I want to do a RNA-seq for 30 cancer patients that can be divided into two groups of 150. Each patient have normal and cancerous tissue paired. The problem is that we have money ONLY for 36 samples in total.
I was thinking, at first, to use 3 normals for each group of 15 as a way to use my samples in DE analysis. But then it ocurrured to me: Why not pool 5 normal tissues, 3 times each, so all normal tissue will be represented with less RNA-seq?
Group 1 - 15 cancer samples - 3 pools of 5 normal paired
Group 2 - 15 cancer samples - 3 pools of 5 normal paired
We were planning 100million reads paired-end, which is the standard in our institution.

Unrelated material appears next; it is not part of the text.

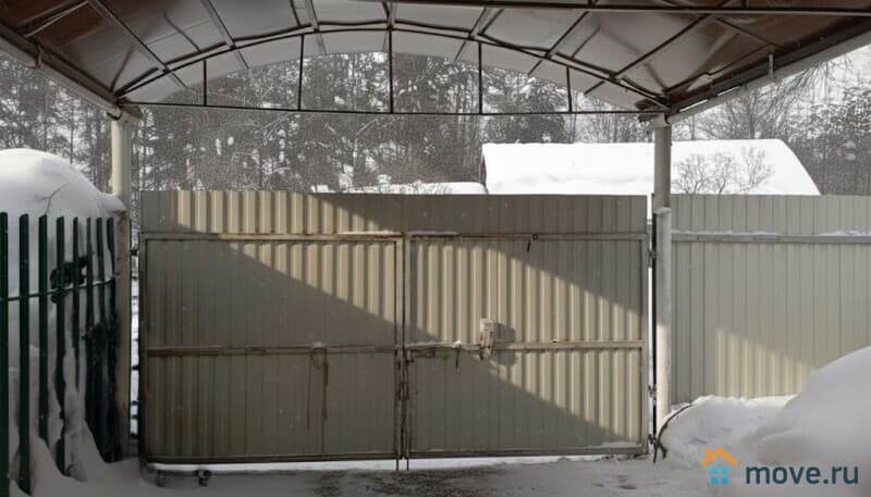 Участок 24 сотки (ЛПХ). Песчаный грунт, сухой, с плодоносящим садом. На участке расположены бревенчатая баня и навес для автомобиля. Забор из металлопрофиля и металлического штакетника. Установлены распашные ворота в зоне навеса и дополнительные ворота для заезда крупной строительной техники.

The point of normal samples is not just to get a figure for what the average "normal" level is. It's also to get an idea of what the natural variation is between "normal" samples.
So first, I'm not sure that 3 normals is sufficient to get a good handle on the normal variation. Second, three average pools is just going to be a mush that will obliterate whatever variation there is between your normal samples.
Also, if all you care about is DE, you might not need 100 bp long paired end. Paired end costs twice as much, but doesn't give you double the gene counts.
Not DE only, but many other analyses such as mutation, isoform and all we can do with RNA-seq.
Could you expand the explanation of why variation between normal samples is important?